AMAC Exclusive – By Daniel Berman

It was an ominous sign for soon-to-be former U.S. Congresswoman Liz Cheney that the national press corps which traveled to Wyoming to cover her primary night chose to set up shop not in the state’s largest city, Laramie, or the capital Cheyenne, but rather in Jackson Hole. A world-famous golf and ski resort which, along with surrounding Teton County is Wyoming’s only Democratic stronghold, the press’s choice of location conveyed more of an interest in an August getaway than in what Wyoming as a whole thought of Liz Cheney. While Cheney carried Teton County by a margin of 80.9% to 18.4%, she lost the statewide vote by a margin of 66.3% to 28.9%.

The reasons for Liz Cheney’s defeat are quite simple really. Cheney aligned herself with Democrats and against her own party on a high-profile issue, and then proceeded to continue making herself the face of it, even as the January 6th process morphed into a primary Democratic line of attack against the GOP in the 2022 midterms (if it had ever been anything else).

The final numbers in the race look remarkably like the 2020 election in the state, which makes sense as the vast majority of Wyoming’s few Democrats seem to have crossed over to vote for Cheney in the GOP contest. Only a little over 7,000 votes were cast in the Democratic primary for Wyoming’s at-large House seat, whereas nearly 170,000 votes were cast in the GOP contest, an astronomical 96% of all votes cast.

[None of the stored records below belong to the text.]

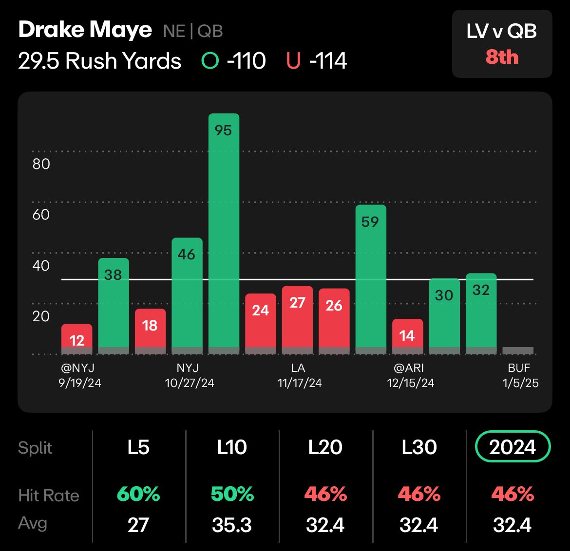 Fun fact: Drake Maye would’ve finished third in rushing yards amongst quarterbacks across a 17-game pace. He only played 11 games, and still finished 9th amongst quarterbacks. When it comes to this 29.5 rushing line, Maye has some solid data.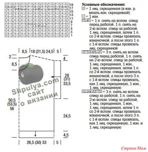 Изн. р.: вязать согласно узору до последних 5 или 6 п., затем 2 или 3 п. провязать вместе изнаночной скрещенной, 2 изн., кромочная.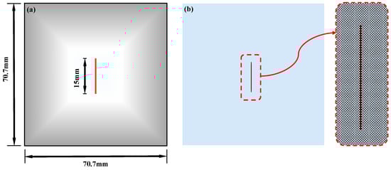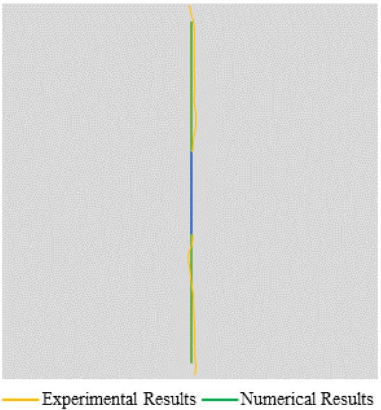 Numerical example 1 comes from reference [], as shown in Figure 7. The specimen size is 70.7 mm × 70.7 mm, and a 15 mm length vertical fissure is prefabricated in the center of the sample. The whole model is divided into 200 × 200 = 40,000 particles. The loading rate of internal water pressure is 50 Pa/calculation step. The model parameters are set as follows: Particle density is ρ = 2600 kg/m3, Elastic modulus E = 17 GPa, Poisson’s ratio μ = 0.14, Cohesion is set to be 5.95 Mpa, internal friction angle is 40°, and the tensile strength is 2 MPa.

The ultimate margin also reflected the 2020 result. That year, Donald Trump defeated Joe Biden by 69.94% to 26.55%, remarkably close to the 66.3% to 28.9% margin by which Cheney lost to Trump-endorsed Harriet Hageman. Nor can turnout be blamed. At 178,000, primary turnout was well over 80% of that of the 2018 general election. Cheney got her Democrats, or at least a decent portion of them. She just lost Republicans. In Wyoming, that means losing 68-27 or so.

The simplicity of the story will not stop Liz Cheney, or her allies in the media, from trying to build a greater narrative, apparently as preparation for a potential presidential campaign. They will portray Cheney as a martyr, crushed by overwhelming forces, ignoring that she massively outraised her rival and had the support of big donors and K Street. Her supporters include a “who’s who” of big finance, including Blackstone, Coinbase, Forbes, CVS, and even the National Mining Association.

Nor was Cheney crushed because she revolted on one vote. Lisa Murkowski – who voted in the Senate to convict Trump last year – also faced challengers this week, and currently leads her strongest by a margin of 44% to 41%. With a Democrat taking 6%, Murkowski will likely be a narrow favorite in November given Alaska’s complex top-four voting system. But Murkowski, after supporting impeachment, did not double and triple down by becoming a mouthpiece for Democrats in their effort to demonize every Trump voter and turn January 6th into the new 9/11.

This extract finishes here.